DoctorBench places high importance on API key security:

  • Scope of use: API keys are used only during evaluation calls to access your model API
  • Masked storage: secret fields in submitted configuration snapshots are masked and not stored in plaintext
  • No plaintext display: no API response or page display contains plaintext API keys
  • Evaluation isolation: evaluation tasks of the same type run serially to avoid configuration overlap

We recommend creating a dedicated API key for DoctorBench evaluations and rotating it after evaluation if needed.

Data Privacy

  • Evaluation data: datasets used for evaluation are maintained by the DoctorBench team and contain no real patient information
  • Model responses: responses generated by your model during evaluation are used only for scoring
  • Metadata: model metadata such as name, parameter size, and developer is displayed on leaderboards when you choose to make results public
  • Contact information: phone number and email provided during registration are used only for account management and necessary communication

FAQ

How long does evaluation take?

Evaluation duration depends on evaluation type and model API response speed. Reference durations: about 6–8 hours for LLMs, 3–5 hours for VLMs, and 2–3 hours for Clinical Tasks (Agent). You can check evaluation status under “Submissions.”

Which API providers are supported?

OpenAI-compatible endpoints are currently supported. When custom is selected, you can provide a custom base_url for any OpenAI-compatible API service. This means most mainstream large-model services can be connected.

How should I interpret evaluation results?

Evaluation results include dimension scores and overall ranking. After completion, you can view the detailed report under “Submissions,” including scenario/task-level scores and dimension analysis. You can also compare your model against others on the “Leaderboards” page.

Is the API key stored securely?

Yes. The platform uses your API key only during evaluation calls. Secret fields in stored snapshots are masked and are not returned or displayed in plaintext. We recommend creating a dedicated API key for evaluation.

Are multimodal model evaluations supported?

Yes. DoctorBench provides a complete VLM evaluation covering joint understanding and reasoning over medical images, tables, and other modalities, including modality recognition, cross-modal reasoning, report generation, knowledge QA, and diagnosis/decision support.

What if an evaluation fails?

When an evaluation fails, “Submissions” displays the specific error message. Common causes include API connection timeout, invalid key, or abnormal model response. You can correct the configuration based on the message and resubmit.

Is evaluation charged?

DoctorBench does not charge for evaluations on the platform. However, evaluation calls your model API, and any API usage fees are charged by your API provider.

Where does the evaluation data come from?
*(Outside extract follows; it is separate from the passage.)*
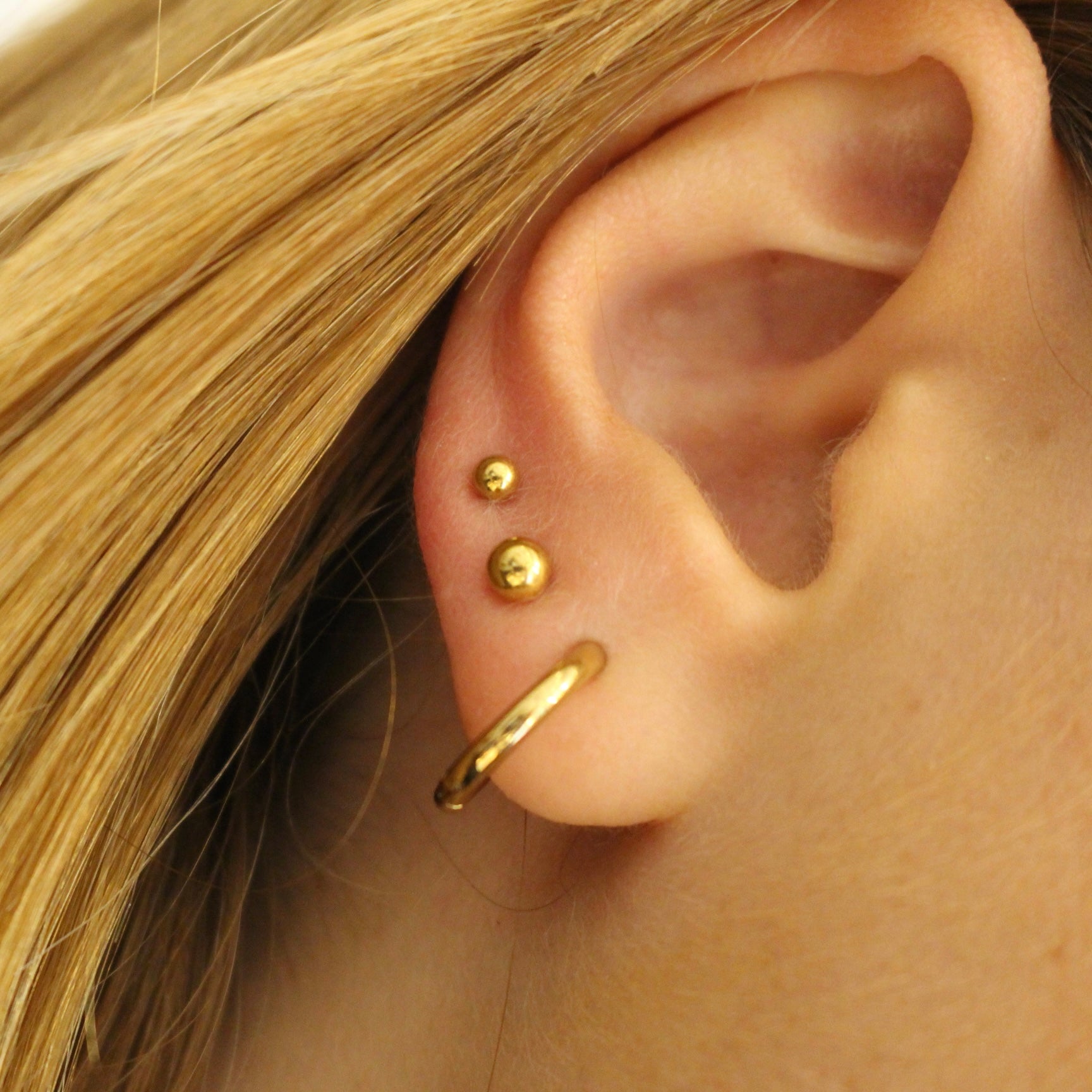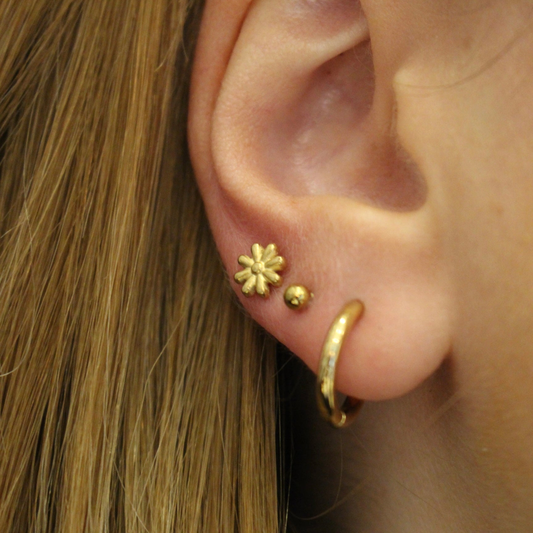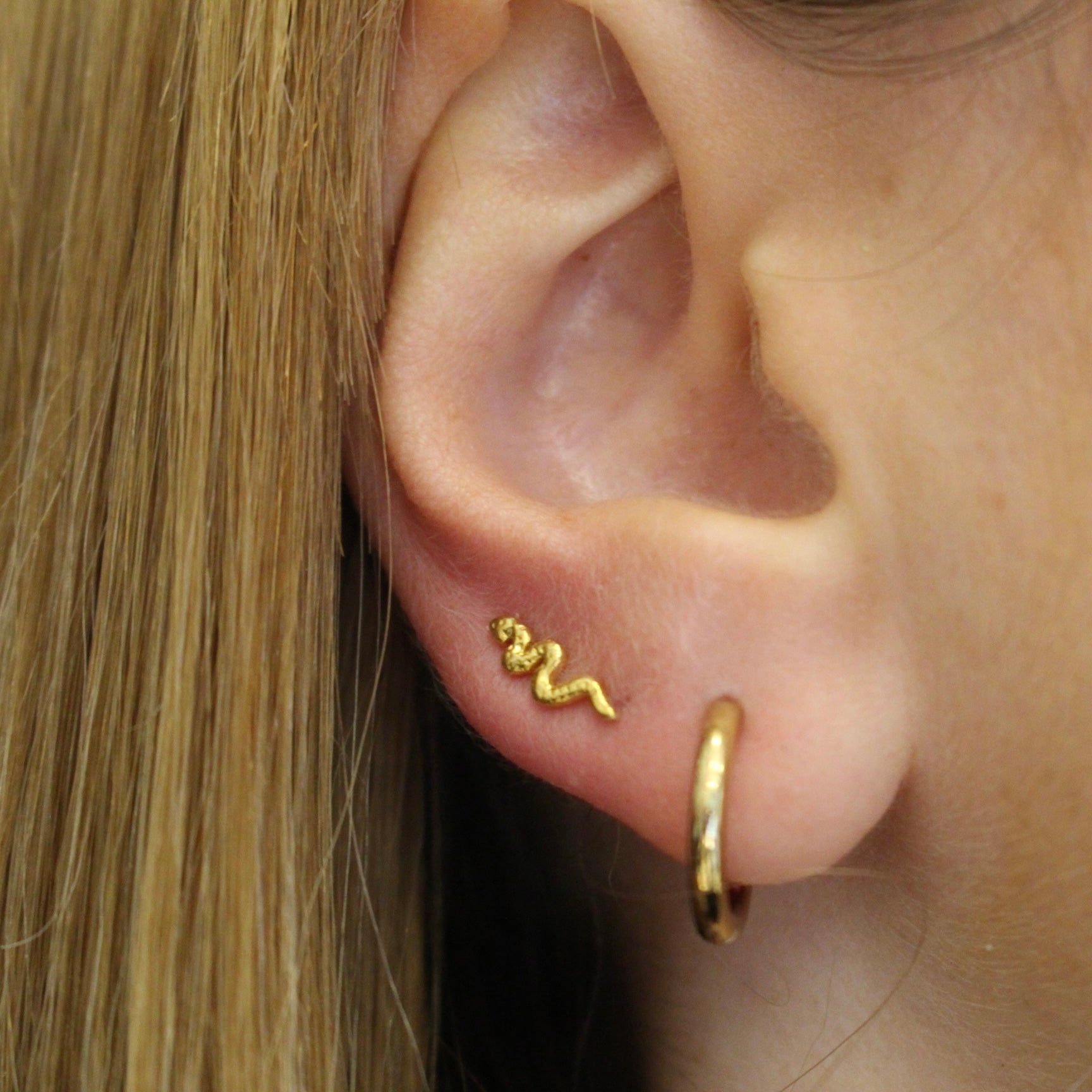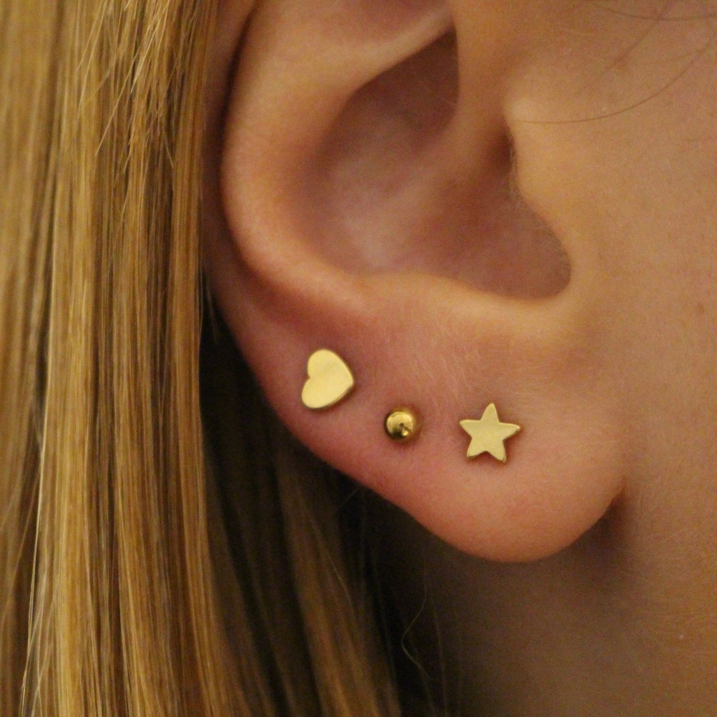 Disponíveis em várias opções: bolinha (dois tamanhos), coração, flor, estrela e cobra, estes brincos são ideais para o segundo furo, adicionando personalidade sem perder a subtileza.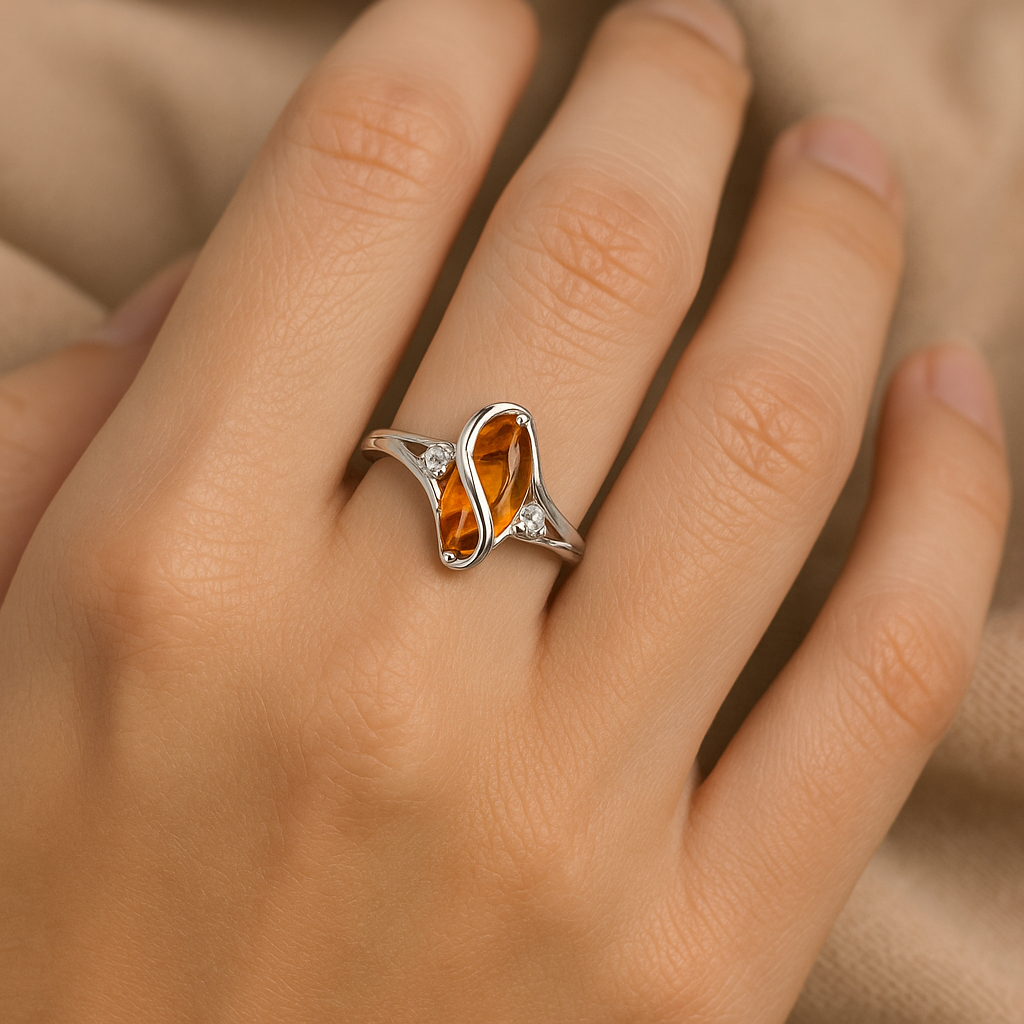 The Sevara Citrine Twist Ring is a radiant blend of elegance and warmth, featuring a beautifully faceted citrine gemstone embraced by a unique twist-inspired sterling silver design. The bright golden hue of citrine symbolizes joy, success, and positive energy, making this ring an uplifting addition to your jewellery collection. Crafted in 925 sterling pure silver, this refined piece brings together modern charm and classic allure.

DoctorBench data is built and reviewed by hundreds of leading medical experts in China and covers many clinical departments. It contains no real patient information, ensuring high signal-to-noise quality and clinical relevance.

How can evaluation results appear on the leaderboard?

When submitting an evaluation, you can choose whether to make results public. If public is selected, completed results are automatically displayed on the corresponding leaderboard. For the same model, only the latest submission result is kept.

Can I submit multiple models at the same time?

Yes. You can submit multiple evaluation tasks. To ensure evaluation quality and resource allocation, tasks of the same type are executed serially.

How do I contact technical support?

Please provide a valid contact email when submitting an evaluation. If technical issues arise or communication is needed, we will contact you through that email. You can also view evaluation status and details on the submissions page.